*RAW DATA*.
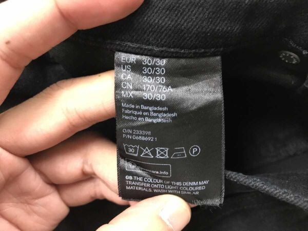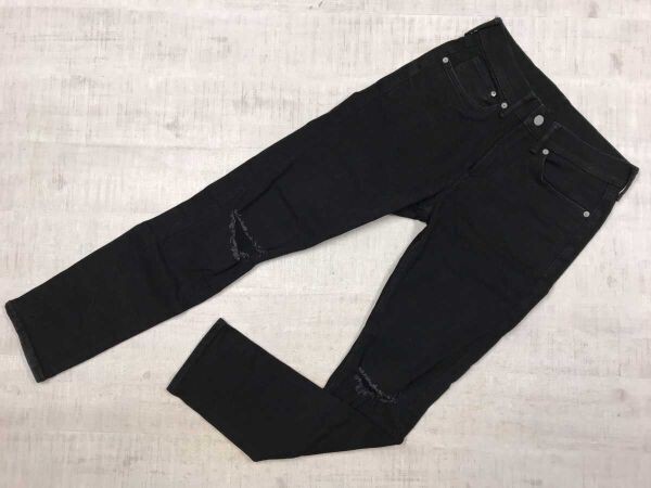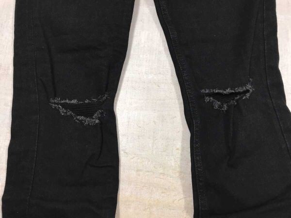 エイチアンドエム H&M &DENIM ストリート グランジ 紙パッチ 膝 ダメージ加工 テーパード ブラック デニム パンツ ジーンズ メンズ 30 黒です。
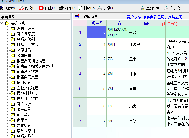 不区分大小写的助记代码使用起来感觉真的是非常方便快捷。建议为所有的字典都添加助记代码,这样不当使用起来非常方便快捷,也可以在一定程度上减少改变字典编码的次数。像我们改变字典编码往往就是为了可以通过直接输入字典编码而快速输入编码代表的内容。就像图片中所示,如果想输入“有效”这个组合码,只能通过鼠标点击选择或者输入“有效”一词,效率太低,也不方便。如果系统支持助记码,直接输入“ys"就可以了,多么方便快捷!
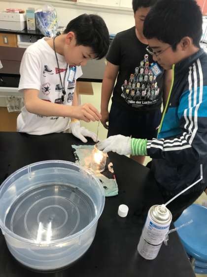 6年生の理科の最初の学習は「ものの燃え方」です。安全に気をつけて実験を行っています。気体検知管や石灰水、新しい器具や薬品も使い、グループで協力しながら取り組んでいます。
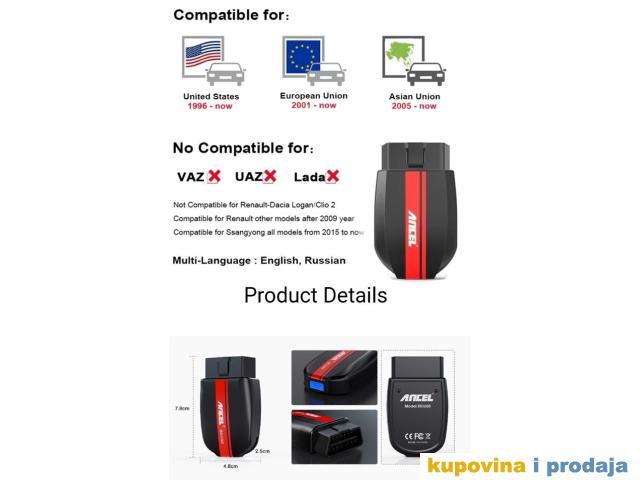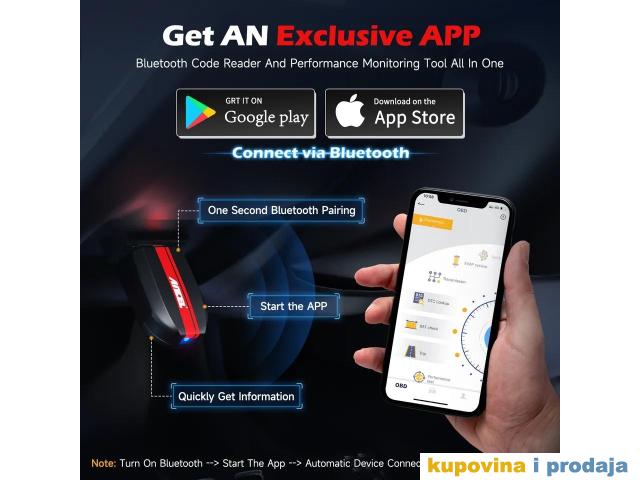 Stabilna veza : Nije samo kompatibilan sa Androidom i IOS-om, već koristi i najnovije Bluetooth 5.0 rješenje, koje omogućava proizvodu da se trenutno poveže na OBD sučelje vozila putem Bluetootha, što olakšava čitanje podataka iz ECU-a i značajno poboljšava korisnika iskustvo.
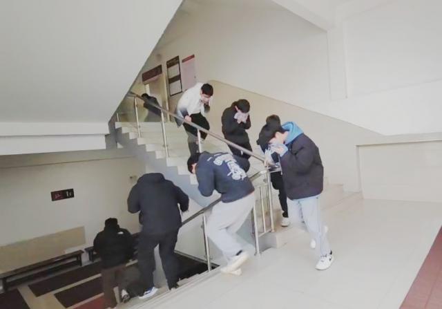 演练过程中,当火灾警报响起时,我院师生及时响应,顺利、有序地从宿舍内进行撤离,前往集合点集合,并听从现场总指挥的调度,井然有序地按照区域和单位进行排队等候。在演练过程中,各小组成员恪尽职守,学生撤离时均按要求捂住口鼻,匍匐前进。
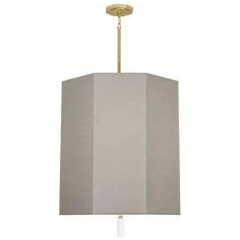 Kate Pendant by Robert Abbey — a refined study in form and finish that elevates contemporary interiors. Its soft, faceted white shade creates a quiet, sculptural presence while a slender brass stem and canopy introduce warm metallic contrast, making it an instant focal point in entryways, dining areas, or boutique hospitality settings.
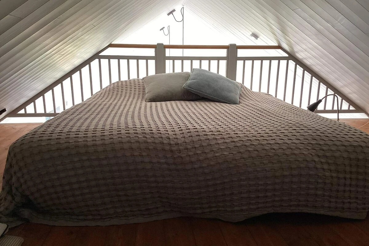 A modern and fresh house in a very good location on the outskirts of beautiful Steninge. The house is situated high up with a lovely view of the open landscape. You have your own patio with outdoor furniture and a barbecue. A short bike or car ride takes you to the Steninge coast, which is alternately dramatic and beautiful. There are several small bathing coves and scenic walking areas. The house is newly built next to the owner's garage building. You have a bright and beautiful living room and open kitchen. There is a dining area and comfortable armchairs. The large windows have a lovely view of the open meadows. The kitchen is well equipped with a dishwasher. The bathroom is fully tiled with a shower. Up a spiral staircase you reach the sleeping loft which has two single beds. You have your own part of the owner's plot with outdoor furniture and a charcoal barbecue. The house is located in a fantastically scenic location in Steninge church village, close to the beach in Steninge. You cannot miss visiting Gösta's restaurant and café or Kuststationens café. A little further north you will find the small bathing bay Glassvik. Here you will find fantastically beautiful and unique nature and rich bird life. The small beach is particularly suitable for families with children and those who want some peace and quiet. Just south is the community of Haverdal. Visit Särdals kvarn, which has both a café and a shop. It is only a short drive to Halmstad. Here you will find a wide range of entertainment with many restaurants, cafés and a wide range of shops, art and nature. Experience Tylösand's vibrant swimming and entertainment scene. Hike on Prince Bertil's path from Halmstad Castle to Ricardo's ice cream café in Möllegård. For those interested in golf, there are a number of golf courses in the surrounding area. It is also a short drive to the summer town of Falkenberg. Here you will find many nice small cafés, restaurants and shops.
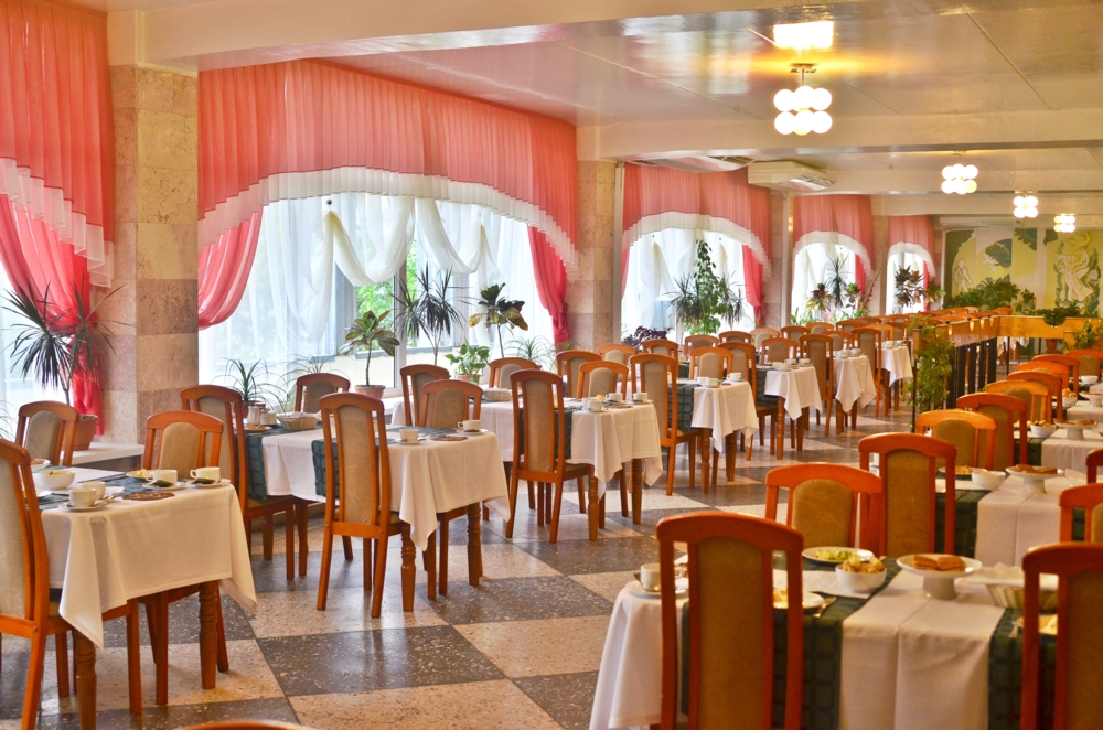 Питание... Конечно, когда едешь в санаторий, ждать высокой кухни не стоит. Стол от номера 2 до 7 всем в помощь. Но, в столовой, если испачкали скатерть, ее меняют раз в неделю. Поэтому ешьте аккуратнее, иначе будете сидеть с пятнами на белой скатерти неделю в наказание. Неудобно, когда ты ещё одно блюдо не съел, а тебе уже второе несут. В итоге, как тут не запачкать скатерть, когда за столом 4 человека и все 12 тарелок уже на столе кучей толпятся? Та же беда с забором тарелок. Как тут оставить скатерть белоснежной? При всем желании и уважении, как не старайся, а испачкаешь.
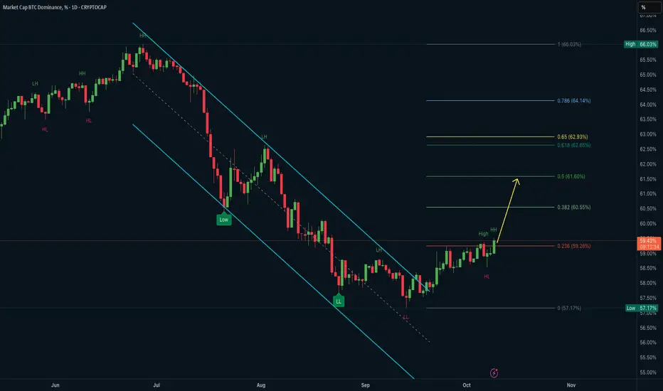 BTC Dominance Breaks Structure – Eyes on 60.5% to 62.9% Targets
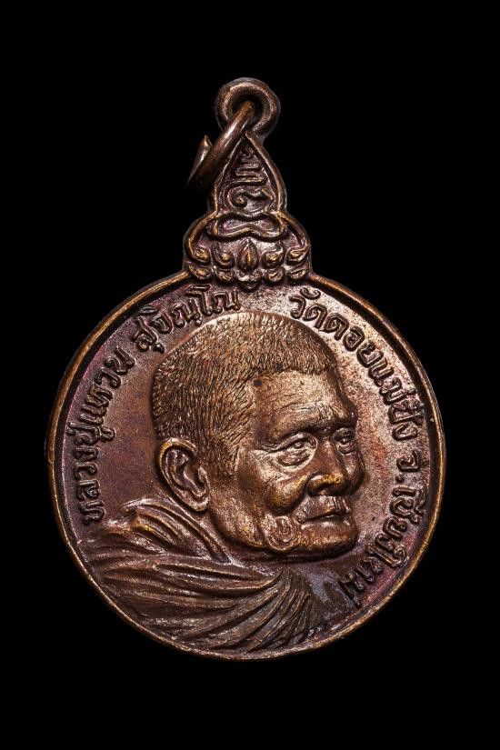 เหรียญหลวงปู่แหวน วัดดอยแม่ปั๋ง รุ่นสร้างตึกโรงพยาบาล หลัง ภปร.(เล็ก) ปี 2521 เนื้อทองแดง |
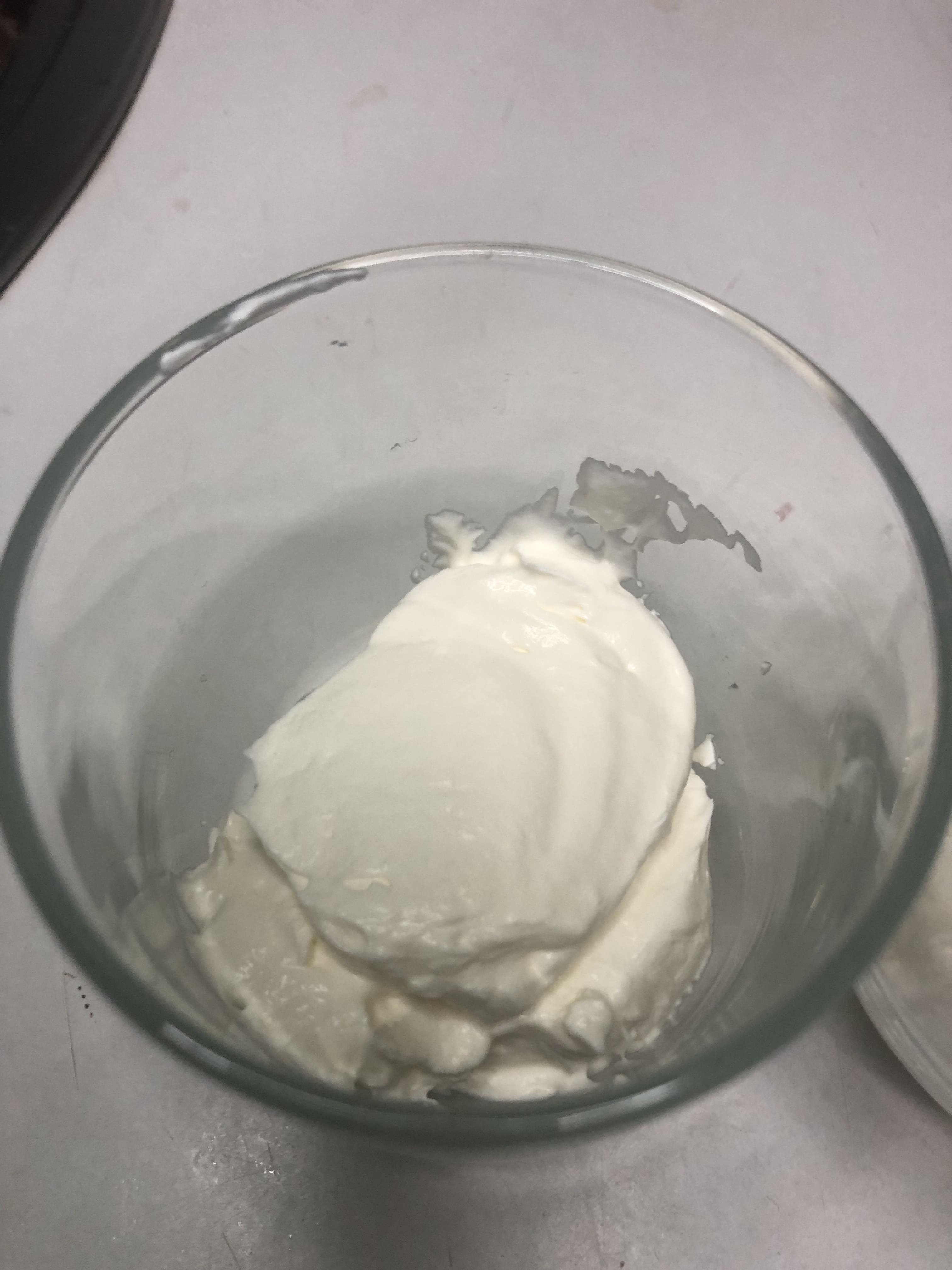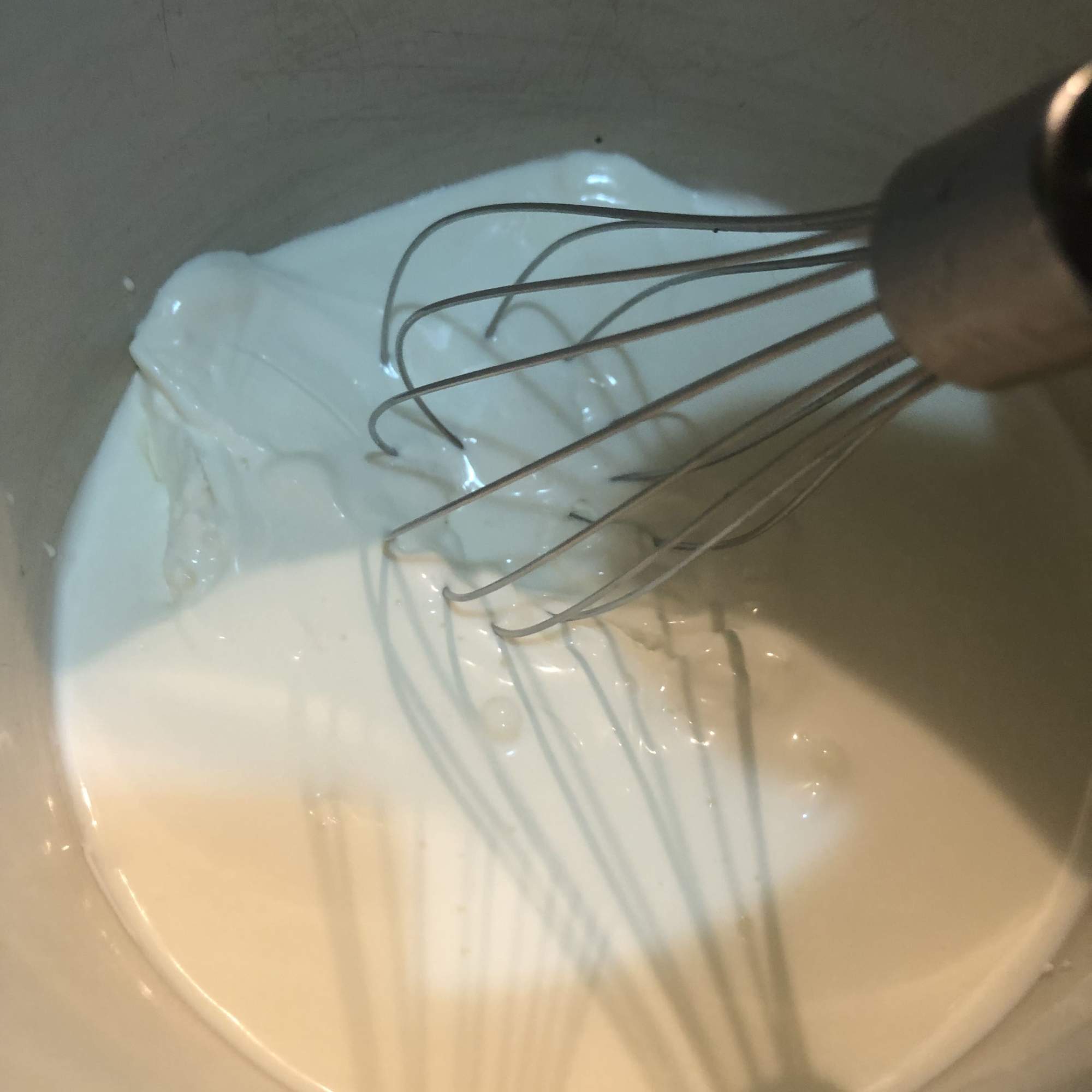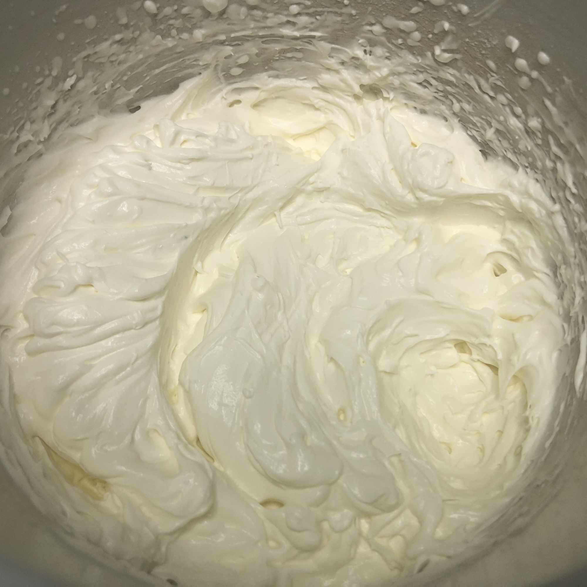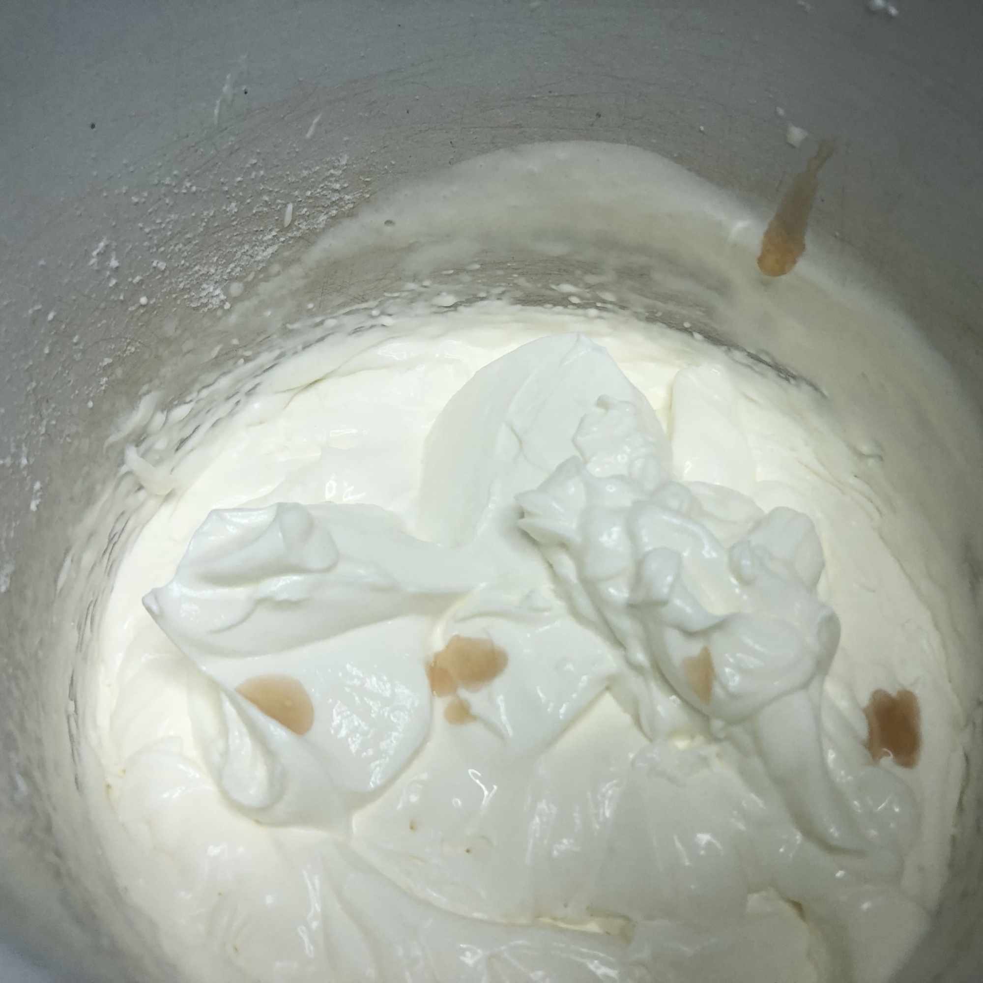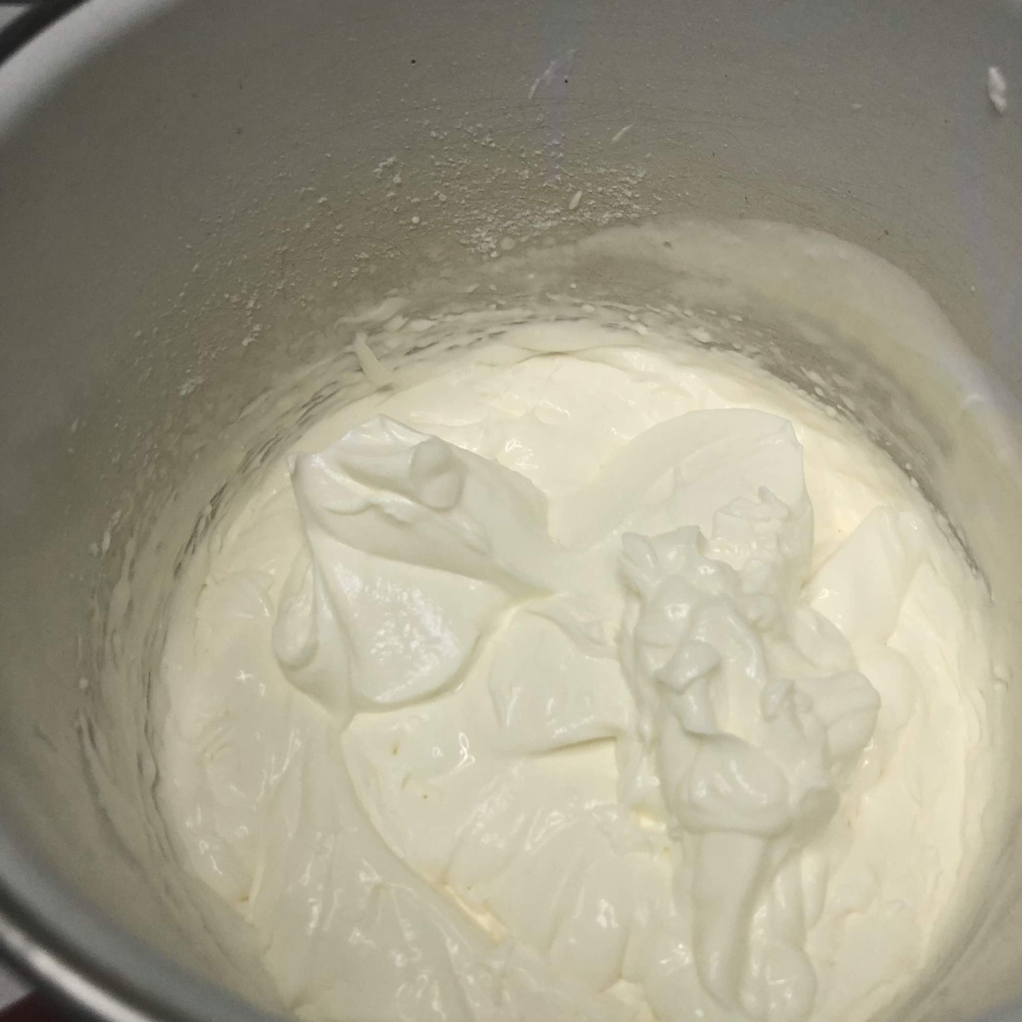 Vierte la nata en el recipiente frío y monta con varillas. Cuando empiece a estar cremosa añade el azúcar glass hasta que adquiera una mayor consistencia. Agrega entonces el yogur y la vainilla y sigue batiendo hasta que haga picos.

*YOUR GOAL*. Skip the pictures and restate exactly the lines from the beginning of the listing to the line with "Stabilna veza : Nije", that line included.

*RESPONSE BOX*.
 エイチアンドエム H&M &DENIM ストリート グランジ 紙パッチ 膝 ダメージ加工 テーパード ブラック デニム パンツ ジーンズ メンズ 30 黒です。
 不区分大小写的助记代码使用起来感觉真的是非常方便快捷。建议为所有的字典都添加助记代码,这样不当使用起来非常方便快捷,也可以在一定程度上减少改变字典编码的次数。像我们改变字典编码往往就是为了可以通过直接输入字典编码而快速输入编码代表的内容。就像图片中所示,如果想输入“有效”这个组合码,只能通过鼠标点击选择或者输入“有效”一词,效率太低,也不方便。如果系统支持助记码,直接输入“ys"就可以了,多么方便快捷!
 6年生の理科の最初の学習は「ものの燃え方」です。安全に気をつけて実験を行っています。気体検知管や石灰水、新しい器具や薬品も使い、グループで協力しながら取り組んでいます。
 Stabilna veza : Nije samo kompatibilan sa Androidom i IOS-om, već koristi i najnovije Bluetooth 5.0 rješenje, koje omogućava proizvodu da se trenutno poveže na OBD sučelje vozila putem Bluetootha, što olakšava čitanje podataka iz ECU-a i značajno poboljšava korisnika iskustvo.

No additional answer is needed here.